I am required to find the first integral of the equation: $F(z,x,y,c_1,c_2)=0$

I wrote down the Charpit's/auxiliary equations:

$\frac{dp}{a}=\frac{dq}{b}=\frac{dz}{3q^2p}=\frac{dx}{q^2}=\frac{dy}{2qp}$.

In the course of solving which I have arrived at the following system of equations (1):

$dz=pdx+qdy$

$z=\frac{3b^2p^4}{4a^3}-\frac{2bc_1p^3}{a^3}+\frac{3c_1^2p^2}{2a^3}+c_5$;

$x=\frac{b^2p^3}{3a^3}-\frac{bc_1p^2}{a^3}+\frac{(c_1)^2p}{a^3}+c_4$;

$y=\frac{2bp^3}{3a^2}-\frac{c_1p^2}{a^2}-c_3$,

where $c_1,c_3,c_4$ and $c_5$ are constants which should add up to two constants $c_1$ and $c_2$ in the end. As you can see, this system of equations is only not resolved with respect to $p$, which is the only term I haven't been able to write in the form of $g(z,x,y)$.

The system (1) is correct when substituted into the equation, I've checked. The only fraction i haven't used in any way is the third one: $\frac{dz}{3q^2p}=\frac{dz}{3(\frac{bp-c_1}{a})^2p}$.

The equation for $x$ is a non-linear first order ODE, because there is no $y$ in the equation, but Wolfram Alpha does not solve it, for whatever reason. If it can be solved with respect to $z$ ($p=\frac{dz}{dx}$), then my problem is solved. How could i do that?

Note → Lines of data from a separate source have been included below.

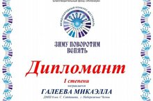 Галеева Микаэлла - дипломант Международного конкурса-фестиваля "Зиму поворотим вспять"!
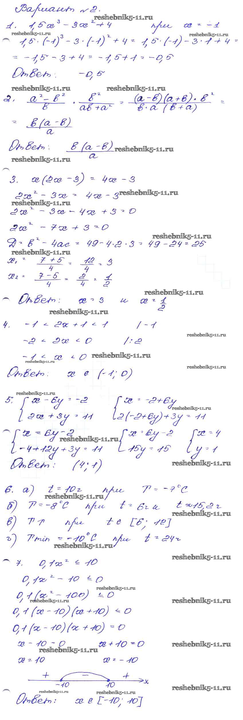 Готовая домашняя работа с ответами по Алгебре за 9 класс Кузнецова, Бунимович, Пигарев, Суворова Сборник заданий Дрофа 2008 ФГОС - Работа 6 Вариант-2
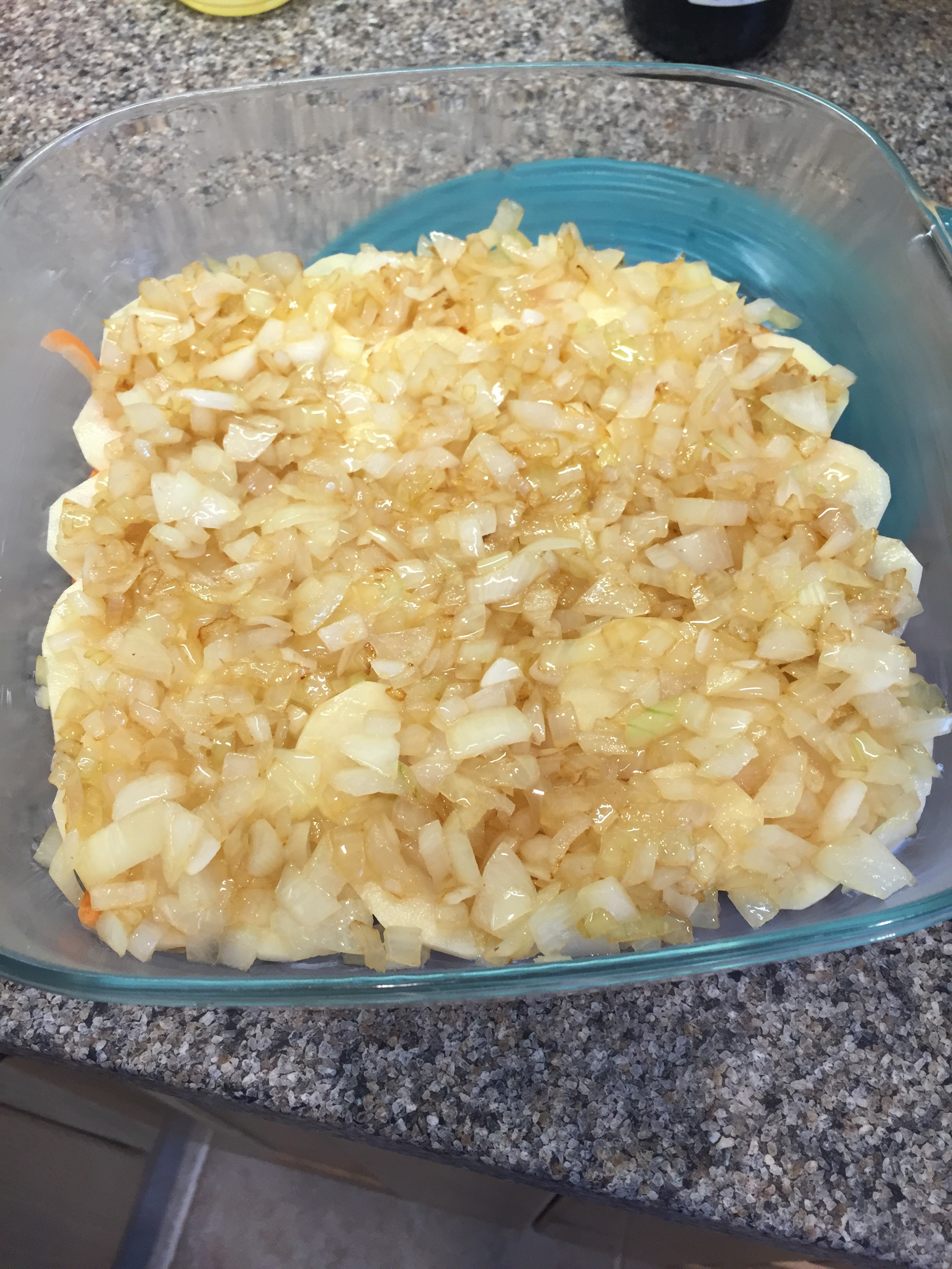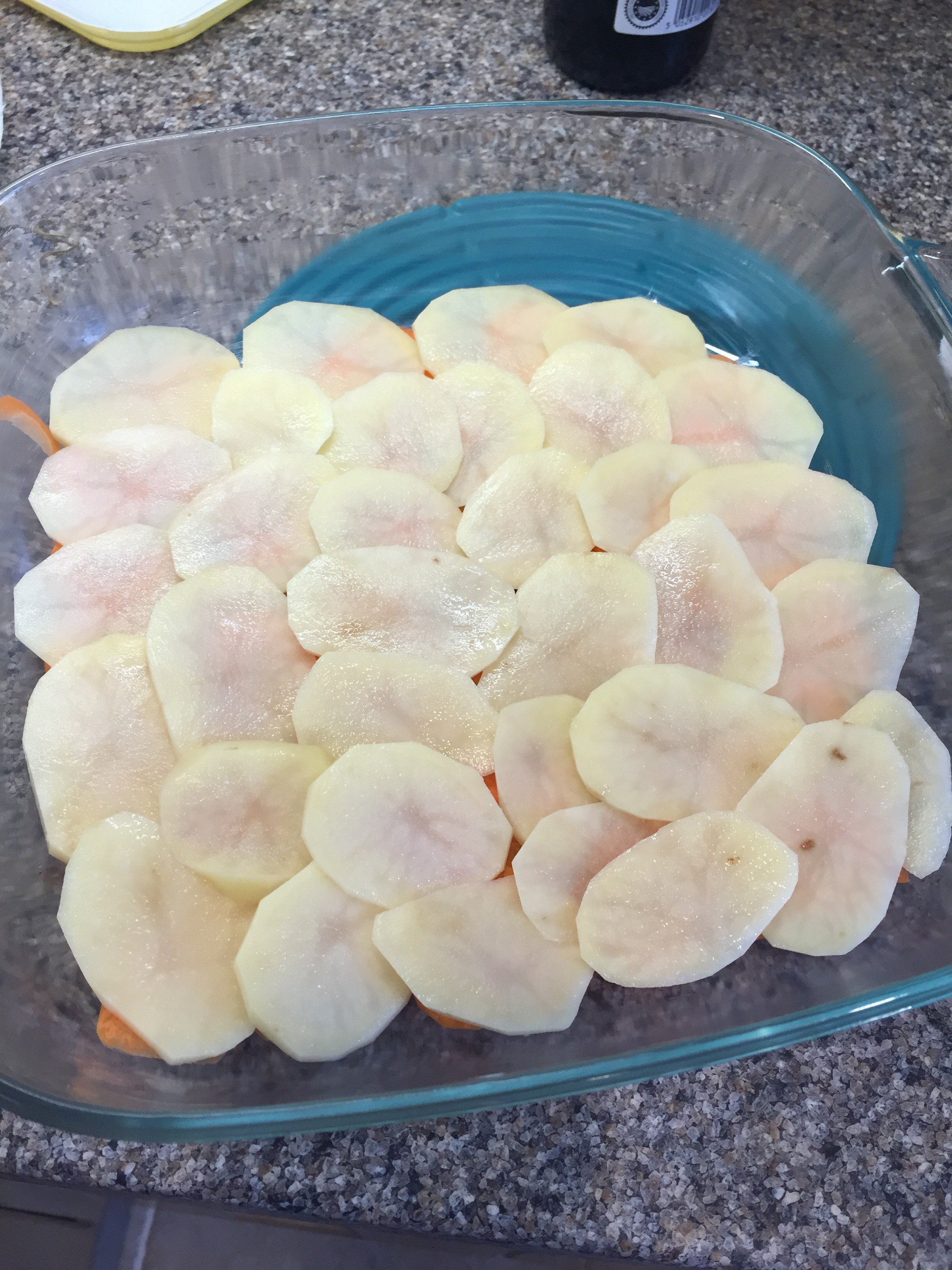 After the parsley do a potato layer followed by a carrot layer and finally one more potato layer.

If it can be done, then my immediate follow-up question is the following: why didn't i need to use the fraction $\frac{dz}{3q^2p}=\frac{dz}{3(\frac{bp-c_1}{a})^2p}$ in the course of solving the problem?

I had also obtained the following equations:

$bp=aq+c_1$ or $q=\frac{bp-c_1}{a}$,

$dy=dp(\frac{2bp^2}{a^2}-\frac{2pc_1}{a^2})$ and

$dx=\frac{dp}{a}(\frac{bp-c_1}{a})^2$.

I've tried to somehow arrive at $z=f(x,y,c_1,c_2)$ or $F(z,x,y,c_1,c_2)=0$, but had no success because the system (1) is not nicely linear and terms with $p$ always crawl into calculations. I'm now out of ideas.

Could anybody perhaps help me in some way? Or help me solve the ODE $x=\frac{b^2p^3}{3a^3}-\frac{bc_1p^2}{a^3}+\frac{(c_1)^2p}{a^3}+c_4$? Thank you!

Answer 1

First of all I am introducing another method to solve the given pde. After that I will explain your query (Although I could edit the answer I gave earlier, yet I think it is important to keep it in order to accommodate your query).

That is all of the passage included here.